When you run this job, you’ll notice that it’s much slower than the implementation that uses the table data API—at least the first time you run it. The job performs better after the information is cached.
Figure 20-2 shows the objects that support reflection in the dictionary API.
The following example lists the static methods on the CustTable table and reports their parameters:
static void findStaticMethodsOnCustTable(Args _args)
{
DictTable dictTable = new DictTable(tableNum(CustTable));
DictMethod dictMethod;
int i;
int j;
str parameters;
for (i=1; i<=dictTable.staticMethodCnt(); i++)
{
dictMethod = new DictMethod(
UtilElementType::TableStaticMethod,
dictTable.id(),
dictTable.staticMethod(i));
parameters = '';
for (j=1; j<=dictMethod.parameterCnt(); j++)
{
parameters += strFmt("%1 %2",
extendedTypeId2name(dictMethod.parameterId(j)),
dictMethod.parameterName(j));
if (j<dictMethod.parameterCnt())
{
parameters += ', ';
}
}
info(strFmt("%1(%2)", dictMethod.name(), parameters));
}
}
As mentioned earlier, reflection can also be used to invoke methods on objects. The following example invokes the static find method on the CustTable table:
static void invokeFindOnCustTable(Args _args)
{
DictTable dictTable = new DictTable(tableNum(CustTable));
CustTable customer;
customer = dictTable.callStatic(
tableStaticMethodStr(CustTable, Ffind), '1201'),
print customer.currencyName(); //Prints US Dollar
pause;
}
Notice the use of the tableStaticMethodStr intrinsic function to reference the find method.

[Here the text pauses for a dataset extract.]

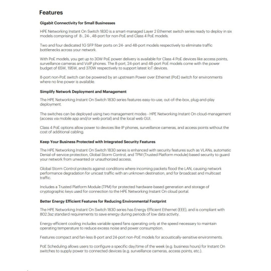 | Aruba Instant On 1830 8G Switch (JL810A) | Aruba Instant On 1830 8G 4p Class4 PoE 65W Switch (JL811A) | Aruba Instant On 1830 24G 2SFP Switch (JL812A) | Aruba Instant On 1830 24G 12p Class4 PoE 2SFP 195W Switch (JL813A) | Aruba Instant On 1830 48G 4SFP Switch (JL814A) | Aruba Instant On 1830 48G 24p Class4 PoE 4SFP 370W Switch (JL815A) | ||||||||

You can also use this API to instantiate class and table objects. Suppose you want to select all records in a table with a specified table name. The following example shows you how:
static void findRecords(TableId _tableId)
{
DictTable dictTable = new DictTable(_tableId);
Common common = dictTable.makeRecord();
FieldId primaryKeyField = dictTable.primaryKeyField();
while select common
{
info(strFmt("%1", common.(primaryKeyField)));
}
}
First, notice the call to the makeRecord method, which instantiates a table cursor object that points to the correct table. You can use the select statement to select records from the table. If you want to, you can also insert records by using the table cursor. Notice the syntax used to get a field value out of the cursor object; this syntax allows any field to be accessed by its field ID. This example prints the content of the primary key field. Alternatively, you can use the getFieldValue method to get a value based on the name of the field. You can use the makeObject method on the DictClass class to create an object instance of a class.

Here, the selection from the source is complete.